Crypto-enthusiasts themselves exemplify this money-mindedness, and not just in the hardline monetarist ideologies that underpin their worldview. They are notorious gluttons for information, gorging themselves on Substacks and Discord content, ritually checking the countless data sites that aggregate prices and trading volumes for every viable coin. They must be vigilant, because anarchy and uncertainty are the whole point. Every crypto-holder is a person alone, their wealth resting on abstract protocols rather than any trust-based system. They place the burden on themselves willingly, seeing it as a kind of emancipation, a psychic free state that they can inhabit, like a boat in international waters. They trust themselves to survive this chaotic state of affairs through the sheer dint of their hyper-awareness. If they can keep their grip on things, and watch closely the obscure movements of their holdings, they can endure crypto’s worst excesses: the hacks, the rug-pulls, and the cascading liquidity crises.
Taking a que from the crypto industry, more established tech companies like Meta aspire to a similar all-encompassing relationship with their customers. The company formerly known as Facebook has attempted two major strategic pivots in recent years. The first was an attempt to launch a proprietary digital currency called Diem, and the second was its embrace of the so-called Metaverse. The former was effectively squashed by signals from Capitol Hill that it would not pass regulatory muster, but Meta continues to push ahead with plans to monetize and financialize the nascent Metaverse. Both projects reflect a desire to erase the boundary between life and its financial substrate, and completely control rather than simply mediate our relationship with money. In the Metaverse, which is effectively a game stripped of game mechanics, your nominal financial status becomes the only identity that really matters.

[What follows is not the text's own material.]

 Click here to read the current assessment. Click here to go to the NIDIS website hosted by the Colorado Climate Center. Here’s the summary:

Whether the metaverse succeeds or fails, it’s clear now that tech companies are trying to cultivate a new kind of capitalist subject. You must be informed, engaged, and fully immersed. You cannot squint. You must look and keep looking, or else their tenuous domination falls apart.

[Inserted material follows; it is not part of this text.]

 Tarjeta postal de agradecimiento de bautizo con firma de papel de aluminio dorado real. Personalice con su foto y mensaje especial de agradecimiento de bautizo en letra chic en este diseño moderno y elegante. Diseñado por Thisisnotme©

Tech companies pitch their shiny new tools as a kind of work-around or cheat code to navigate an increasingly precarious world, but their promises of independence and security are in fact drawing us closer to the beating heart of the financial economy. They are making us more dependent and complicit, all while requiring the utmost attention and effort—like being asked not only to dig your own grave but to engrave your own headstone. They will say this is better, because this is the world we live in, and adaptation is better than annihilation, but it should be clear now what they are laying the groundwork for: the idea that you might just have made it, if only you had paid more attention.
Alex Vuocolo is a New York City-based business reporter. He currently writes about the Federal Reserve, cryptocurrencies, and inflation for Cheddar News.